Every community has its collective memories, joyous and horrid, and every significant public act has a way of being absorbed by, folded into, a community's collective memory in some lasting way. This is why the billboards lining Atlanta's highways, at least 80 of them picturing terrified-looking black boys under the banner Black Children Are an Endangered Species is remarkably vicious.
The advertisements have been placed by Georgia Right-to- Life on the specious idea that Black women exercising their rights under Roe v Wade are committing cultural immolation, a slow communal suicide. For many in that city's black community the memory of the 1979-'81 serial murders of 29 Black boys is painfully alive. For an anti-abortion organization to play on those collective memories so perversely is both breathtakingly irresponsible and a deliberate undermining of reality for ideological ends.
It is true that Georgia's Black women have more abortions per capita than in any state save Mississippi. The Centers for Disease Control in reporting that, however, also says unequivocally that Black children are no more unusually endangered than any other children because the fertility rate (births per 1,000 women) among Black women is higher than the national average and is growing.
In other words, Choice Works, individually, collectively.
Yet the Lying-By-Numbers isn't the worst of it.
The worst aspect of this is the implication that Black mothers are either neglectful of a presumed duty or, perhaps even worse, that they are dupes of pro-choice, largely white, liberal-owned clinics--that Black women have no minds of their own.
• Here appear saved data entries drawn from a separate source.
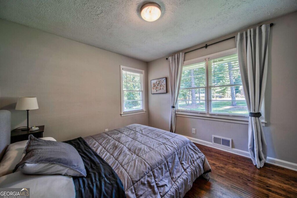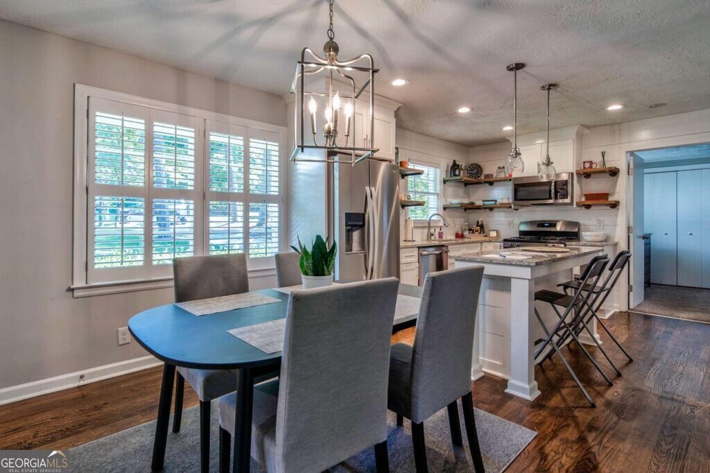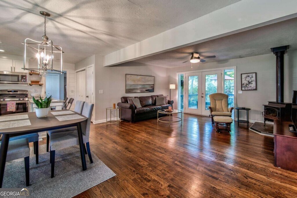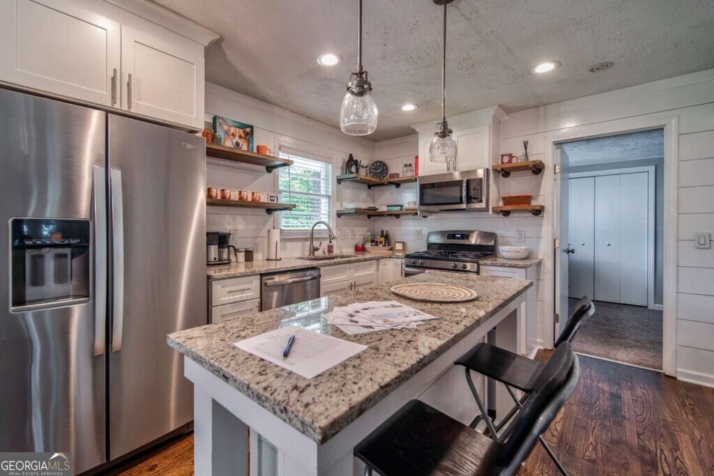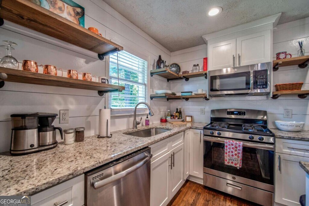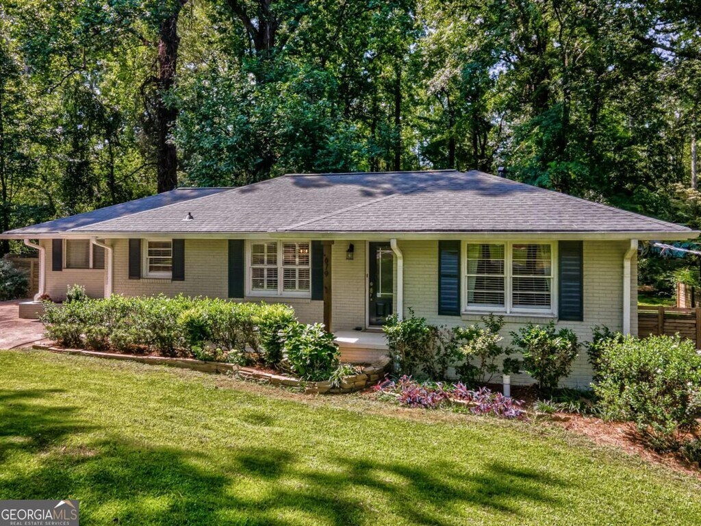 Fully renovated, four-sided brick mid-century ranch is situated on nearly 3/4 of an acre with a fenced yard, located in a quiet, well-established cul-de-sac neighborhood. Thoughtfully updated in 2020, this 3-bedroom, 2-bath home combines timeless character with modern conveniences. The single-level design offers minimal steps and an open, inviting floor plan. The primary suite features an ensuite bathroom, custom built-in closets, and ample natural light. The updated eat-in kitchen includes granite countertops and custom shelving, flowing seamlessly into the family room, where a wood-burning stove with a stone hearth provides a cozy focal point. Designer fixtures with dimmable lighting and custom finishes enhance the home's sophisticated appeal. French doors open to a spacious private deck and garden area, ideal for relaxation or entertaining. The backyard includes a large detached entertaining shed with a built-in brick BBQ, adding versatile outdoor living space. Additional highlights include a newer roof, updated systems, and modern electrical and plumbing. Available to lease fully furnished. Conveniently located just minutes from I-20, I-285, I-75, and Truist Park, this home offers easy access to the Silver Comet Trail, fitness centers, and a variety of grocery stores including Aldi, Lidl, Publix, and Kroger. Local amenities such as CVS, a hardware store, and emergency services are nearby.
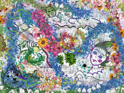 A happy Alice in Wonderland panorama of various creatures and flowers with different digital styles.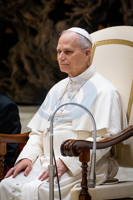 Pope Leo XIV leads his traditional Wednesday General Audience in Paul VI Audience Hall in Vatican City, Vatican, on 28 January 2026.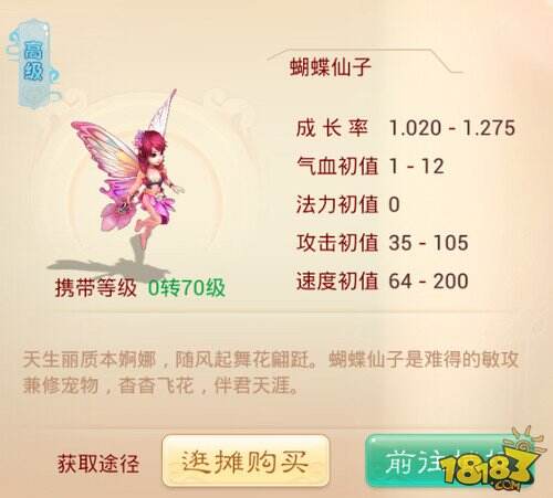 蝴蝶在属性方面明显处于劣势,不过由于其携带等级低,可以从小入手。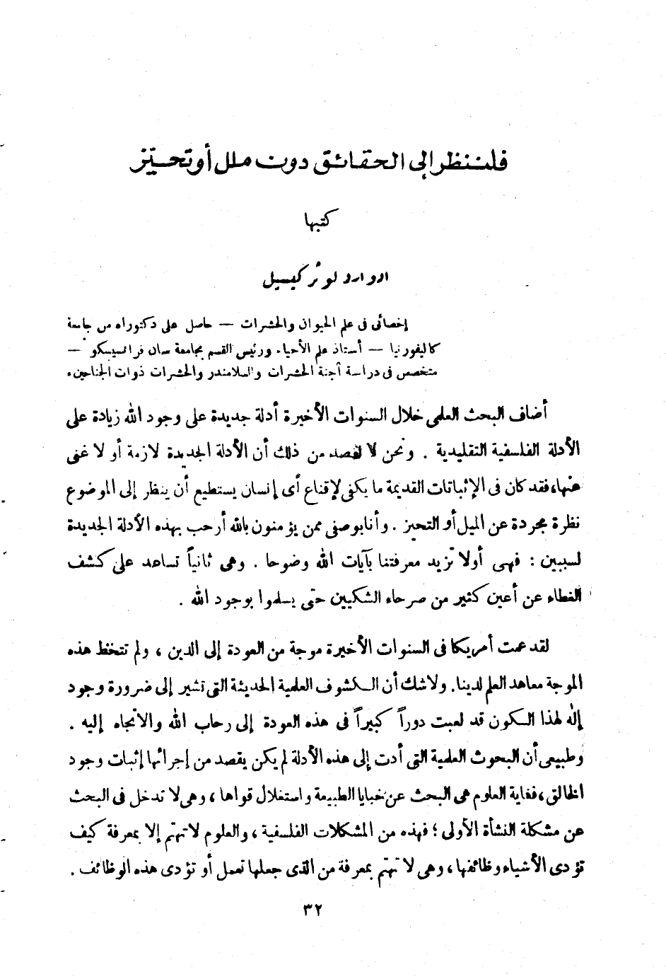 لقد عمت أمريكا في السنوات الأخيرة موجة من العودة إلى الدين، ولم تتخط هذه الموجة معاهد العلم لدينا. ولا شك ان الكشوف العلمية الحديثة التي تشير إلى ضرورة وجود إله لهذا الكون قد لعبت دورا كبيرا في هذه العودة إلى رحاب الله والاتجاه اليه. وطبيعي ان البحوث العلمية التي أدت إلى هذه الادلة لم يكن يقصد من اجرائها إثبات وجود الخالق، فغاية العلوم هي البحث عن خبايا الطبيعة واستغلال قواها، وهي لا تدخل في البحث عن مشكلة النشأة الأولى، فهذه من المشكلات الفلسفية، والعلوم لا تهتم إلا بمعرفة كيف تؤدي الأشياء وظائفها، وهي لا تهتم بمعرفة من الذي جعلها تعمل او تؤدي هذه الوظائف.

The fact is that as far back as the 1930's Atlanta's Black community approached Planned Parenthood founders asking for help because they knew that birth control was one way of clawing up from slavery-induced inter-generational poverty. This happened in Black communities throughout the country.
Of course, it's legal for Georgia Right to Life to post pretty much any inflammatorily inaccurate billboard it wants anywhere zoning allows. That it's legal hardly means it's honest or decent. It's neither.
I would ask this of my own community:
How might Jews react to an evangelical missionary organization throwing up stark billboards across Chicago, Detroit, Washington, LA, New York, and in, say, Philadelphia, featuring frightened faces of small Jewish boys and girls, terrified because Jewish adults are systematically hiding from our children the alleged truth of their potential salvation...and under the banner Jewish Children Are An Endangered Species?
Our own collective memories might then kick in, too.